After Chase Leister’s first-inning RBI single, the home team’s dugout partied hard. When Easton Lepley walked on four pitches to lead off the bottom of the seventh, prompting Butler assistant coach Matt Clement to meet Casteel on the mound, Mifflin County’s bench tried to rattle him some more.
Casteel got Carson Cherry to ground into a double play, hosing down any flicker of hope the Huskies (14-6) tried to ignite, before Ruble bounced one to second.
“Emotions got to me there,” Casteel said of his remark. “Just, that whole game was up and down. It was just a dogfight back and forth. So I feel like those emotions come out in baseball. ... I don’t think I’m that trash-talker, but in the heat of that moment, that did come out, and that just shows my competitive spirit to everyone.”
Golden Tornado coach Josh Forbes won’t dock his players for having an edge.
“You gotta play this game with a little bit of emotion, because it’s an emotionless game — and you’ve gotta control them all the time,” Forbes said. “Because you fail so much, and you really wanna let (out) a, ‘Let’s go!’ You wanna say that kind of stuff. It’s all in good fun.

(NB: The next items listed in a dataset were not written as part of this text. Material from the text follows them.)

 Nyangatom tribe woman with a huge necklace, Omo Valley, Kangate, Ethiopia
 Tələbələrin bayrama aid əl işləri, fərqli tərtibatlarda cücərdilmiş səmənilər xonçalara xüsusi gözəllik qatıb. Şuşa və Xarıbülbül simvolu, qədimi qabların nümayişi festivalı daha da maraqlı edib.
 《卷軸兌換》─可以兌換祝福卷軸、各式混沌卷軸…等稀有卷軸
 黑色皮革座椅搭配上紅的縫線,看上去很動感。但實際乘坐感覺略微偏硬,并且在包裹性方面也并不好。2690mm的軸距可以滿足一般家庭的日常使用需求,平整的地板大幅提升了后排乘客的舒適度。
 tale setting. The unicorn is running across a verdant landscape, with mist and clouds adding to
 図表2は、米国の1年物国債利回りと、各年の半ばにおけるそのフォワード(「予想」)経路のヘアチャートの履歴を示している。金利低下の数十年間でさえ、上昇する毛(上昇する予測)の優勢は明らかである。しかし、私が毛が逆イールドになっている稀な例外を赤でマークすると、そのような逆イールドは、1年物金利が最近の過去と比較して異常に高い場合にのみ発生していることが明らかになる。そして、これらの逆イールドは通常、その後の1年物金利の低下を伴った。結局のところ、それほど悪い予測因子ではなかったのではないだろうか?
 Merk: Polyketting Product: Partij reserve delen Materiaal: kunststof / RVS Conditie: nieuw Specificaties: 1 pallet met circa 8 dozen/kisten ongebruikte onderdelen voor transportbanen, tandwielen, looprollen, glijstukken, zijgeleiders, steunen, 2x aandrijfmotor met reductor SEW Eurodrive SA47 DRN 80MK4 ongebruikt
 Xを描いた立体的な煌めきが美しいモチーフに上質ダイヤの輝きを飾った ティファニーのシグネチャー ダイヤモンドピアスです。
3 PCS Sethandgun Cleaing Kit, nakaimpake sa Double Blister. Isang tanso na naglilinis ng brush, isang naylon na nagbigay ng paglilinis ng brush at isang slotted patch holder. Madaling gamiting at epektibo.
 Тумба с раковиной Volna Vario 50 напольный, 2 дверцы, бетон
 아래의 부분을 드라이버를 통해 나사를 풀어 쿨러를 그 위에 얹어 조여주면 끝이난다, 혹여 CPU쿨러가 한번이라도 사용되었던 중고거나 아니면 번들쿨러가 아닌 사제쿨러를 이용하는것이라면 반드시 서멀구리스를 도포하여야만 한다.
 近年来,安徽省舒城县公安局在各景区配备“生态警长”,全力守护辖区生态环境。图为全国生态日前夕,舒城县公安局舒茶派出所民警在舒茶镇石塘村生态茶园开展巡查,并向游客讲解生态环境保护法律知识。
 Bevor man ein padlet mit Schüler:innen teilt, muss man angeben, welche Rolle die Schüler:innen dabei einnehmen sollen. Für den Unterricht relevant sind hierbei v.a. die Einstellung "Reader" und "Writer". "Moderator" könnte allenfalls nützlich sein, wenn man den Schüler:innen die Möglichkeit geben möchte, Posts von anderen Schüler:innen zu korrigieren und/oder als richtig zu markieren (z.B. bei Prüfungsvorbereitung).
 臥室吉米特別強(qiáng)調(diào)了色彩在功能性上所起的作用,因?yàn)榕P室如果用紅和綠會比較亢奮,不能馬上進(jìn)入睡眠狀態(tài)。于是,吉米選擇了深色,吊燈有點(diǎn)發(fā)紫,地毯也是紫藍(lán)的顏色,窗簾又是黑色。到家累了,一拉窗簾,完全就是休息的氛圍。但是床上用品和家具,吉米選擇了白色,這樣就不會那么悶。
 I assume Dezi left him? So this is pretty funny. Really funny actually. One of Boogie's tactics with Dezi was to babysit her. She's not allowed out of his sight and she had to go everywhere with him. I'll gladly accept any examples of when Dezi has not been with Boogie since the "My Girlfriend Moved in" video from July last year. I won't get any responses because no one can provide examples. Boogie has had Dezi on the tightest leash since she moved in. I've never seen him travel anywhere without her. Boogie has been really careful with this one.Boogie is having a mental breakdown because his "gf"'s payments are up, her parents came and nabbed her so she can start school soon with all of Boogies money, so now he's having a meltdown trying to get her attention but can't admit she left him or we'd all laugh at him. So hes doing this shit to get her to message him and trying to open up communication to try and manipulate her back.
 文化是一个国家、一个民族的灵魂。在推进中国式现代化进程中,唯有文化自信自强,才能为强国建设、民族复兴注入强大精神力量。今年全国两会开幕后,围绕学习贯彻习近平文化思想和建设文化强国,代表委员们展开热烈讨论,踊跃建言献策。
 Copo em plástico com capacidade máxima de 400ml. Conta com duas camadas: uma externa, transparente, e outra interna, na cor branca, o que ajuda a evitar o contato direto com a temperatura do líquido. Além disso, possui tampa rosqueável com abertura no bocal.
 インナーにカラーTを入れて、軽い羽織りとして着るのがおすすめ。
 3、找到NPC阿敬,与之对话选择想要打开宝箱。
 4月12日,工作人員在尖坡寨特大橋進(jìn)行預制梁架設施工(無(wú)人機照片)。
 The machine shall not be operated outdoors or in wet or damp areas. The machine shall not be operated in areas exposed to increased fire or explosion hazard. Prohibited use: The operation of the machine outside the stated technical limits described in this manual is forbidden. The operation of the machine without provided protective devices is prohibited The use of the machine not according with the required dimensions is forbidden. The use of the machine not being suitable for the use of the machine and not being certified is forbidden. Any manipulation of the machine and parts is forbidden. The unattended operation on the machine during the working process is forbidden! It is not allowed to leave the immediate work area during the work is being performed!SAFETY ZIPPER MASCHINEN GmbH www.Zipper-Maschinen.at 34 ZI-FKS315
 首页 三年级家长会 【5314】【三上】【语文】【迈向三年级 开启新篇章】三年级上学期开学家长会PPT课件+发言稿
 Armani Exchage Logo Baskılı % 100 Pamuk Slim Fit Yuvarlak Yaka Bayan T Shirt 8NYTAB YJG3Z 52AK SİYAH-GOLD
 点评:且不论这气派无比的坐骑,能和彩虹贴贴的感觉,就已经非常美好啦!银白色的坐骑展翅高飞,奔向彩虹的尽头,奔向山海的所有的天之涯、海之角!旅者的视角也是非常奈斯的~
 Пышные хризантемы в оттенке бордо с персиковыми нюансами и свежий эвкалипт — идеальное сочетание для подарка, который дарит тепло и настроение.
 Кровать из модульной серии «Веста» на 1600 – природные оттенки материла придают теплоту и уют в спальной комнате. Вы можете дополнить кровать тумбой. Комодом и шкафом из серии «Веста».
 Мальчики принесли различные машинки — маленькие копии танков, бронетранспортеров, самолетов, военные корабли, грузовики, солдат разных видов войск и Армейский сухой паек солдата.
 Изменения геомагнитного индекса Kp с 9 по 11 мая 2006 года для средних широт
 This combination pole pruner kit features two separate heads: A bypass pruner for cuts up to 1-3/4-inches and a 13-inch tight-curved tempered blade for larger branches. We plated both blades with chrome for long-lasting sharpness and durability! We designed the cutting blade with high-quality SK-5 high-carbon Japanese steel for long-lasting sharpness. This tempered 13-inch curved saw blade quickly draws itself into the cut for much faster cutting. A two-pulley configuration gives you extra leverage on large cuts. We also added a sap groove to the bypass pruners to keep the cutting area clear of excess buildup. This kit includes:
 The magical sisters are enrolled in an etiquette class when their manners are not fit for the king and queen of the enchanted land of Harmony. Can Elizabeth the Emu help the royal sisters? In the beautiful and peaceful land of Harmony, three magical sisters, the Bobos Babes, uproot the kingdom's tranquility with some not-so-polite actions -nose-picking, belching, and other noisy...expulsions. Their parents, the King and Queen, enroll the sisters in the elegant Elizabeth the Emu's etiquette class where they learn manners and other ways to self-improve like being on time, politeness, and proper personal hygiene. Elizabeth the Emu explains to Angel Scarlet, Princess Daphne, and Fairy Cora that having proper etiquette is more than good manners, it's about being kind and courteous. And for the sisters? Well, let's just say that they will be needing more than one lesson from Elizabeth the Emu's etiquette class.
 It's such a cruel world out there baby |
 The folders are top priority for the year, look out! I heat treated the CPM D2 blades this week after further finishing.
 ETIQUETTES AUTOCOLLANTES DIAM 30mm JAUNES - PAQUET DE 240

“And I thought Kyle was pretty composed until that final out, when he could finally breathe and say, like, ‘Let’s go! It’s over!’”
Butler (20-3) will challenge District 3 runner-up Chambersburg, a 5-0 winner over Downingtown West, in Thursday’s state quarterfinals at a time and place to be determined.
The WPIAL champs weren’t thrilled they had to hit the road for this matchup — while Casteel woke up at 8 a.m. to get ready for the trip, “they probably slept real nice in their beds,” he said — and, after a stop at Chick-Fil-A about halfway through its three-hour bus ride, took some time to get the ball rolling offensively.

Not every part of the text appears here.